Age=73; good health and good physical condition. GS is 3+4 from biopsy; PSA 13); right SV invasion on MRI. I am considered high risk doe to the SVI. I have reviewed over 100 journal articles and as my docs (surgeon, radiologist and a med oncologist) the effectiveness is comparable. As expected when put on the spot "What would you do" the radiologist said "slightly lean to radiation"; the surgeon favored surgery for the reason that salvage RP is a more difficult surgery; the med oncologist was slightly in favor of radiation + ADT. Thoughts from anyone? Thank you!

  1. I had similar numbers. Took the surgery. Margins clear. Six months later PSA was .2. Concerned, I asked the Urologist/Surgeon about radiation. He said, we can do that if you want to. I didn't. 5 years later PSA was 1 and I had it done but it wasn't where they thought it was, ie, the prostate bed. Today, I take Casodex to keep it down, alternating month on/off.


    I guess Im suggesting to have both. Cut out and

    1. What has your experience with Casodex been?

      1. Hi . Sorry to hear about the diagnosis, but glad to hear you have been doing your homework. Each case is different and, for your protection, we cannot give medical advice over the internet. One of the things you are definitely experiencing is the phenomenon of specialists thinking their area of expertise is best - surgeons want to cut and radiologists want to radiate. I don't think there is anything nefarious about this, just human nature. A couple of questions for the doctors do come to mind. One is, how does the seminal vesicle invasion change the equation? By this I mean things like the likelihood of needing radiation following surgery. Also, have different types of radiation been discussed, such as Cyberknife or proton therapy? Have other potential therapies been discussed, such as cryotherapy? Hopefully others who may have had similar circumstances will weigh in with their experiences. Please feel free to keep us posted. Best, Richard (ProstateCancer.net Team)

        1. Sneakers100,


          Hello I was 63; in working with a local urologist at a smaller community hospital the following was determined: PSA had crept up to 5.6, worst case biopsy sample was 5+4 = 9.

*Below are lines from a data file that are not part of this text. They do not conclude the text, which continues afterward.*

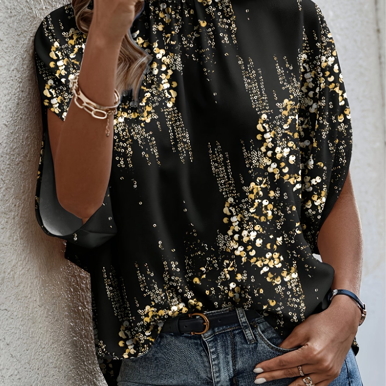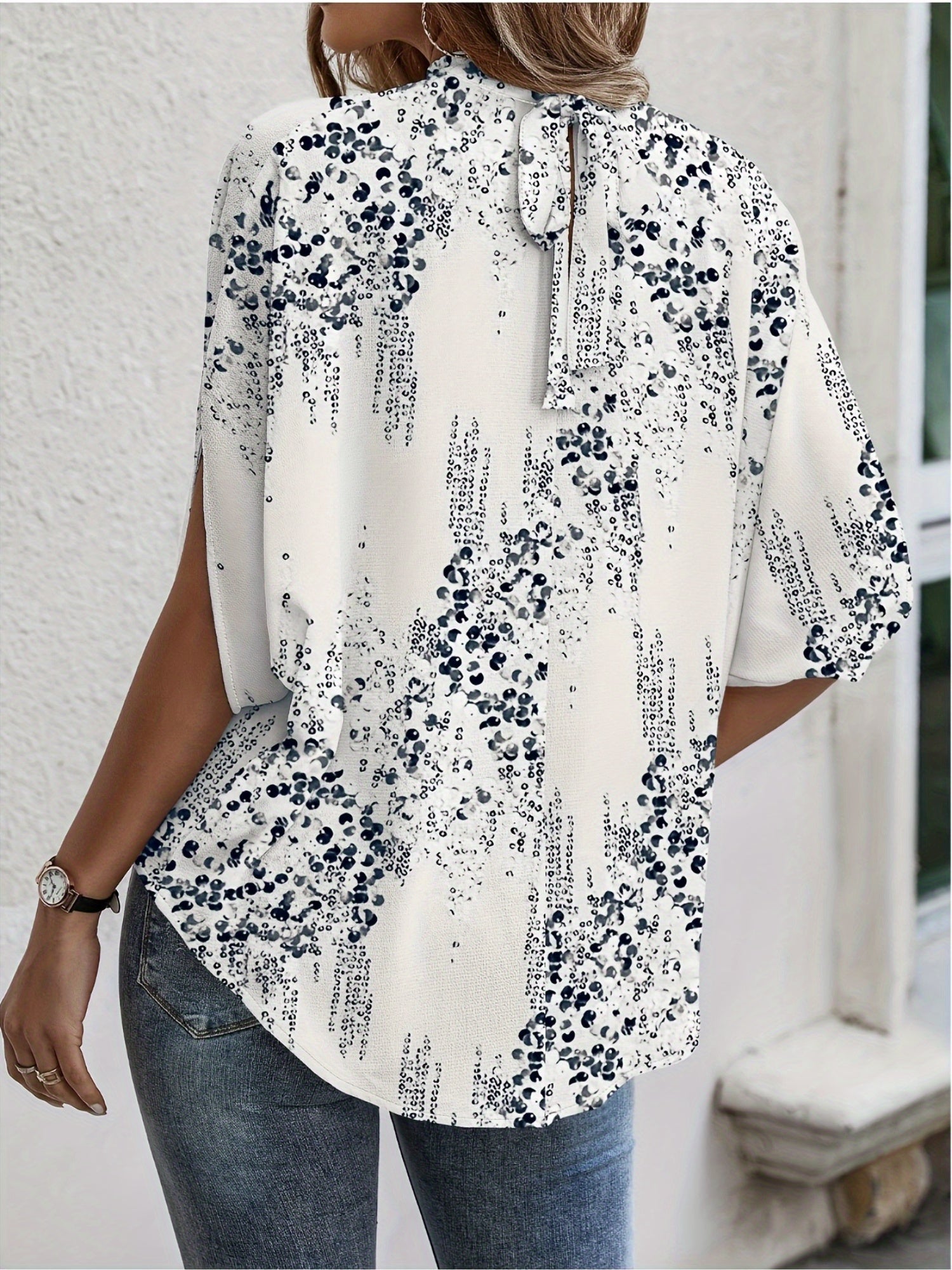 Блузка для полных женщин с бантиками и цветочным принтом, коричневая летняя топ
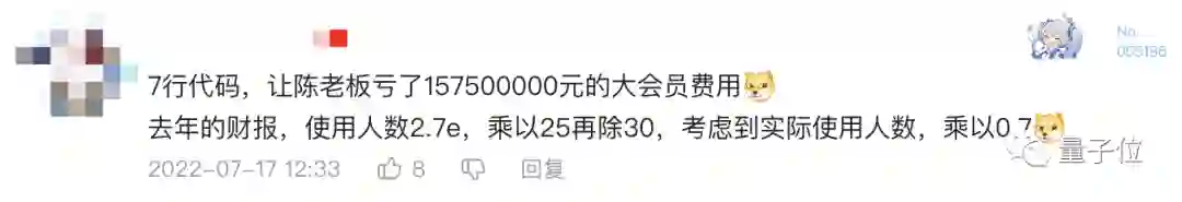 有人就在此算了一笔账,称就是这7行代码,让b站老板一下亏了大约1,5750,0000元。(手动狗头)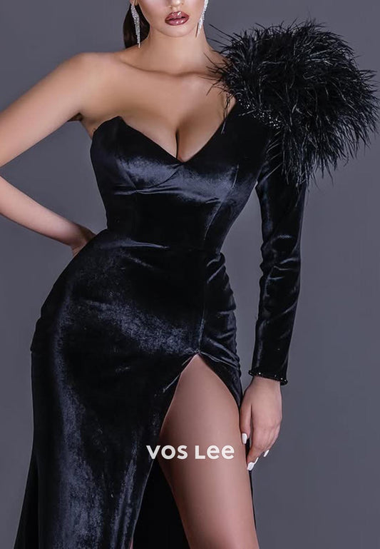 Hot Black One Shoulder Long Sleeves feather Mermaid Prom Dresses with Side Split

          At this point I can appreciate what you are doing in seeking 2nd opinions - good for you! I live in the Chicago area, and switched gears to one of the national Cancer Institutes, Northwestern University Medicine for 2 - 2nd opinions. Of course surgeon preferred surgery. However; the radiation oncologist was very good, explained that they have different flavors of radiation including Proton. However after looking at my records and hearing my story he said: "Off the record you are healthy enough, therefore you should strongly consider surgery" (He may be the most honest medical expert I will ever talk to!).


          When I asked him why, 2 things resonated with me:


          1) He suggested if you have radiation first and if you were to have a recurrence, surgery is no longer a practical follow-up. I have since learned (true or not?), that apparently it is very difficult to operate thru tissue that had been previously irradiated. His comment was why take 2 cards off the table by doing radiation first if you are healthy enough for surgery first?


          2) He also said that radiation goes hand-in-hand with ADT/Hormone Therapy, and for some men it can be very hard to tolerate.


          Yes I did get surgery and am not looking back. Just sharing what went into my decision to have surgery, everyone is different, being your own advocate by researching and getting 2nd opinions is key. Wishing you the best with whatever you choose!